Sun aquires VirtualBox  - zh
http://www.sun.com/aboutsun/pr/2008-02/sunflash.20080212.1.xml
======
zenlinux
I discovered VirtualBox a few months ago and am now migrating to it away from
VMWare Workstation. It's stable and performs well.

It also offers the Parallels-like feature which allows you to run application
windows from your VM in your host desktop environment. This is very handy for
doing cross-browser web app testing, where you can (for example) put a Win IE7
browser window right next to your Linux Firefox one to compare things side by
side.

------
azsromej
I just set this up over the weekend. I hadn't heard of it before and was a
little skeptical but it's a lot like the VMWare I've used at work.

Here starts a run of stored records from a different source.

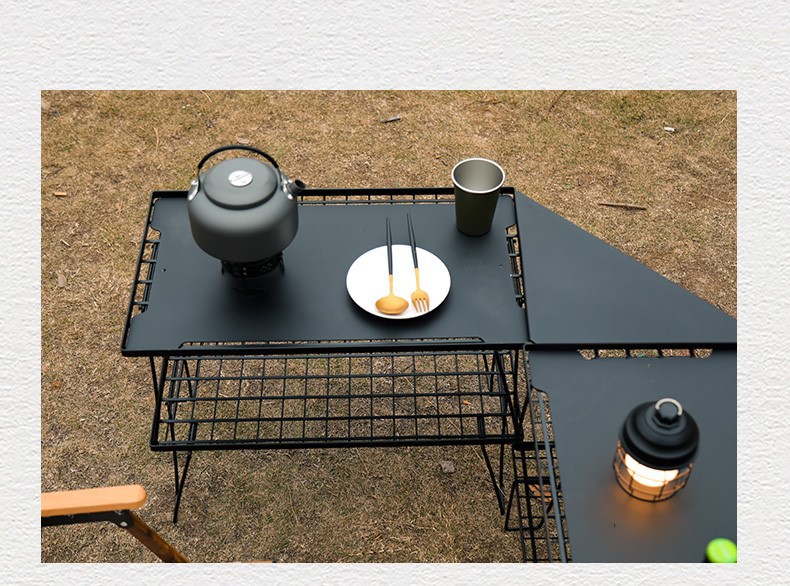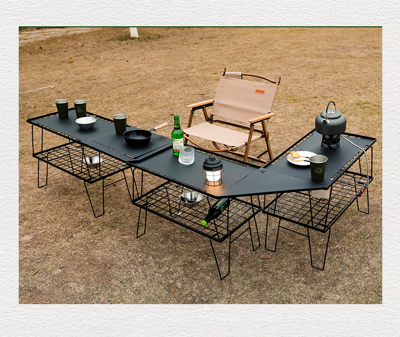 야외 그리드 테이블 테이블 보드 바베큐 테이블 코너 가스 스토브 IGT 철 그물 테이블 캠핑 테이블 보드 조합 피크닉 테이블
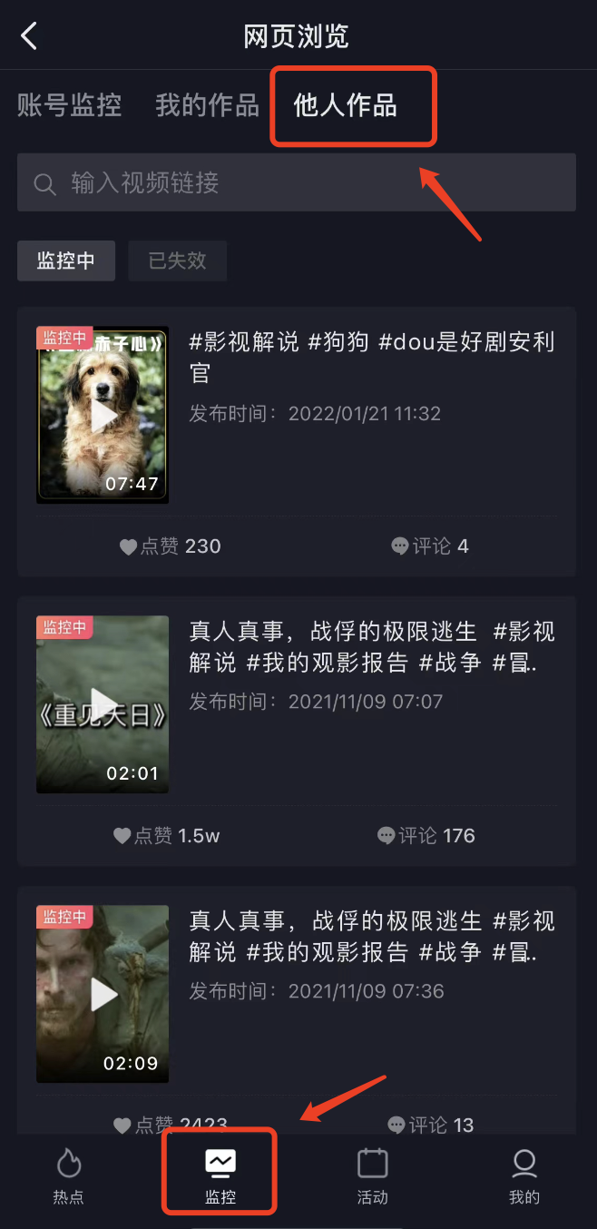 对抖音创作者而言,除去内容功底,善用数据是从竞争中脱颖而出的关键能力。通常,创作者都知道在自己新作品刚发时,通过即时数据反馈,判断本条作品的传播潜力。但只有少数创作者知道,还可以通过数据工具,第一时间监控竞品账号的内容动态,包括它们的即时数据反馈,解读更多有价值的信息。通过数据了解与分析竞品内容、自己内容、某些潜在的值得关注的内容,一旦上述内容有出现爆款的数据趋势,将第一时间获得提醒。上述数据能力被称为“数据监控”。目前有成熟数据分析能力的MCN机构及达人,多数都会付费采用第三方平台提供的此类服务。抖音热点宝在2月的最新一版产品迭代中,新增了数据监控功能,并免费对抖音创作者开放,希望可以帮助创作者提升信息获取效率,产出更多优秀的作品。场景1:我想监控自己新作品发布后的实时数据,便于在它流量表现优异时及时知晓,然后投放Dou+;
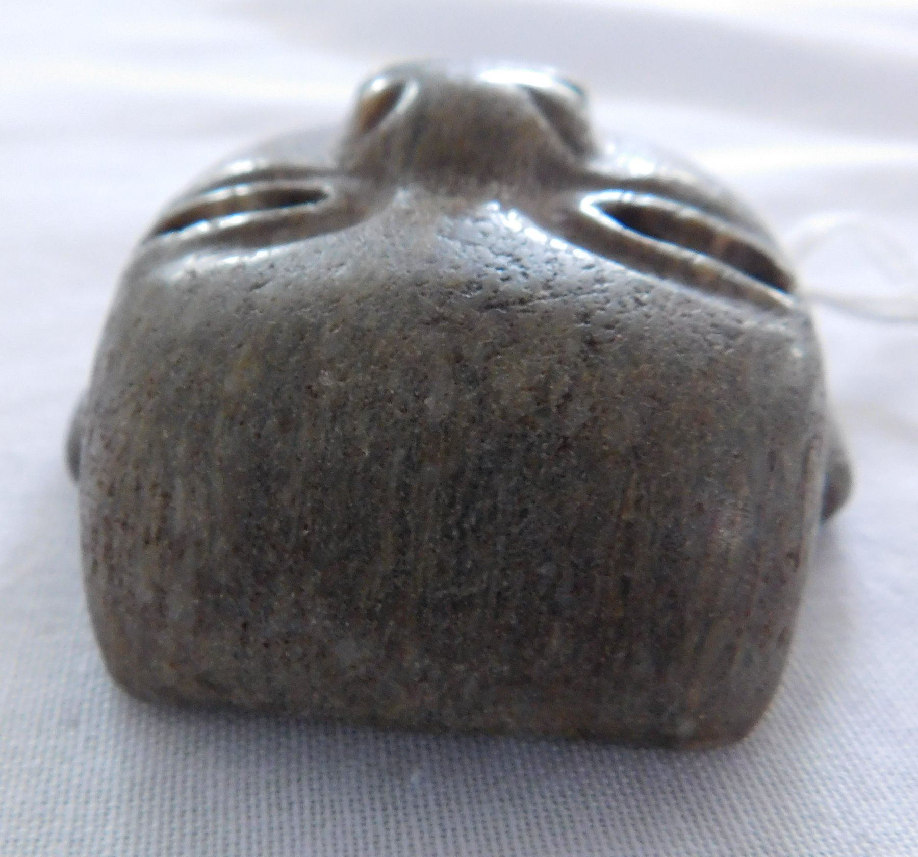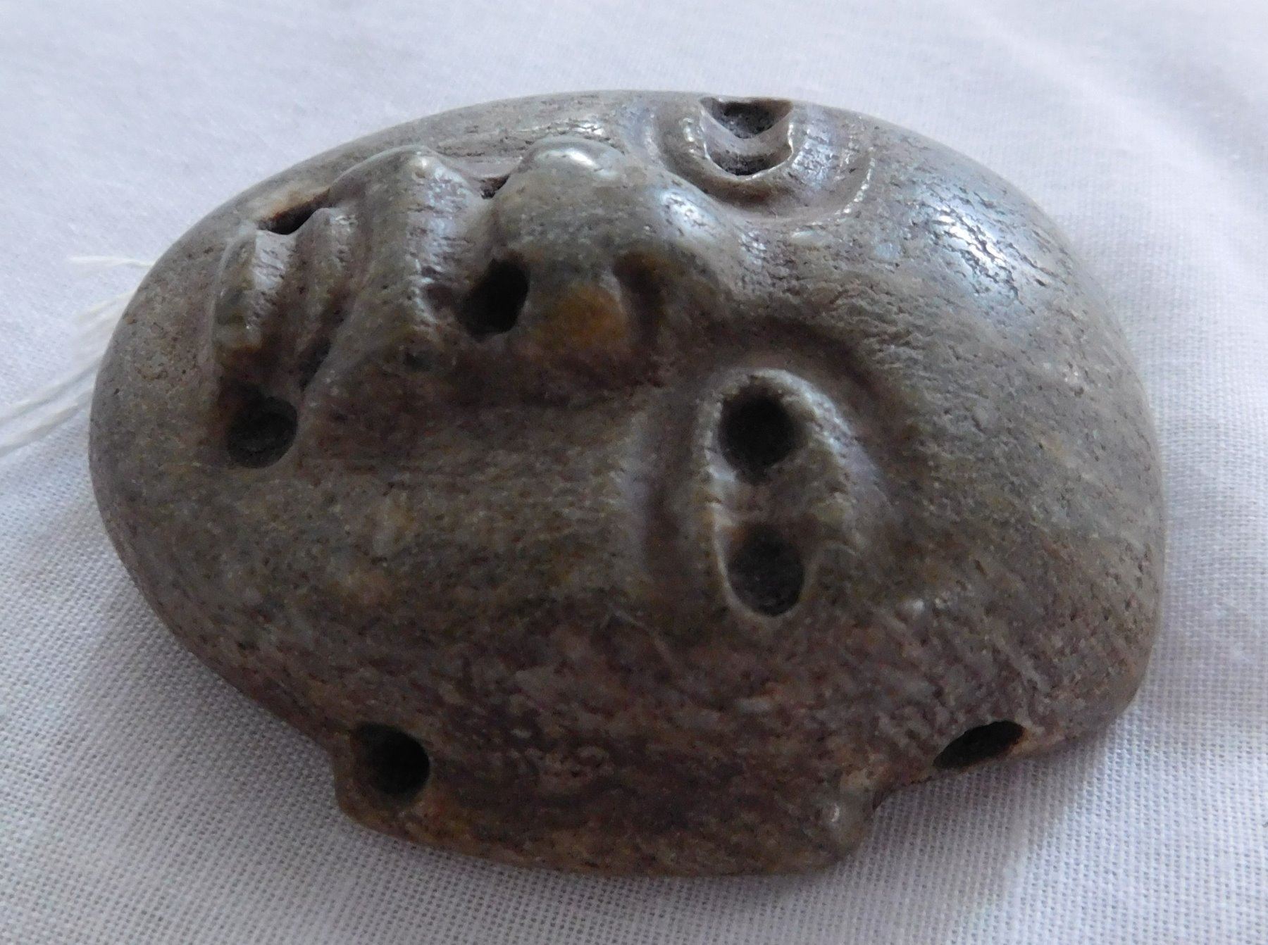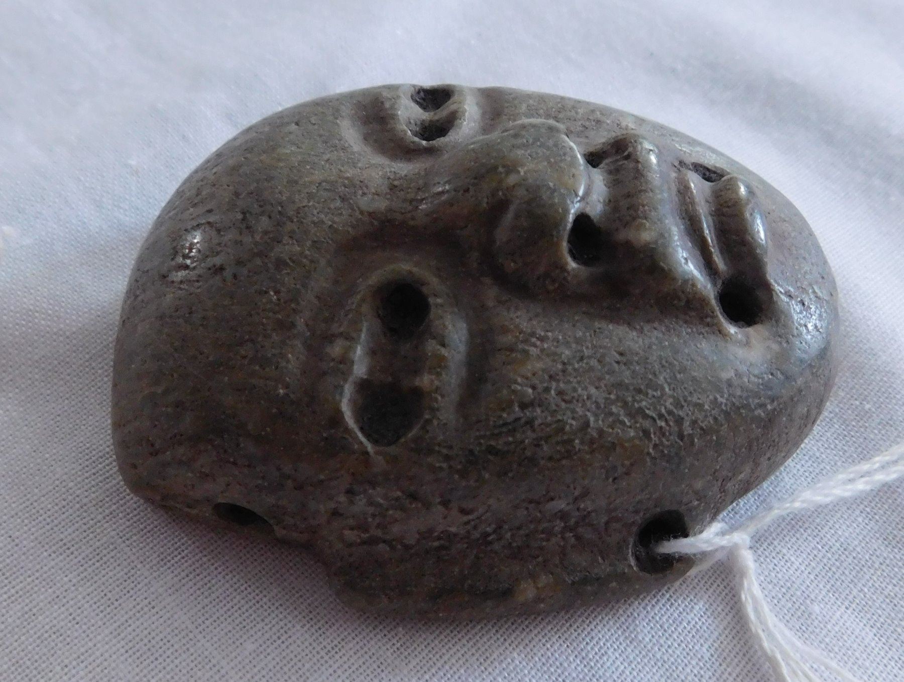 Olmec Maskette, pre-Columbian item. Made of green stone, the item measures 2.5" x 2" x 1". Veracruz, Mexico. From an old, 1960s California collection. Condition: Good, see images. Shipping: $14.50 w/insurance and signature, due to value.

It's performing very well and offered some pretty flexible install options (I
had an iso file I was going to burn until I noticed VirtualBox could just use
it directly).

------
Xichekolas
The thing I really enjoy about VirtualBox is that it just works. I have been
using it to run XP under a linux host for things like Skype, and it's really
nice not to have to fight with configs and such. Hopefully Sun lets them keep
the same ethos after the acquisition.

------
there
[http://marc.info/?l=openbsd-
misc&m=120492689515501&w...](http://marc.info/?l=openbsd-
misc&m=120492689515501&w=2)

------
rms
This is from 2/12/2008...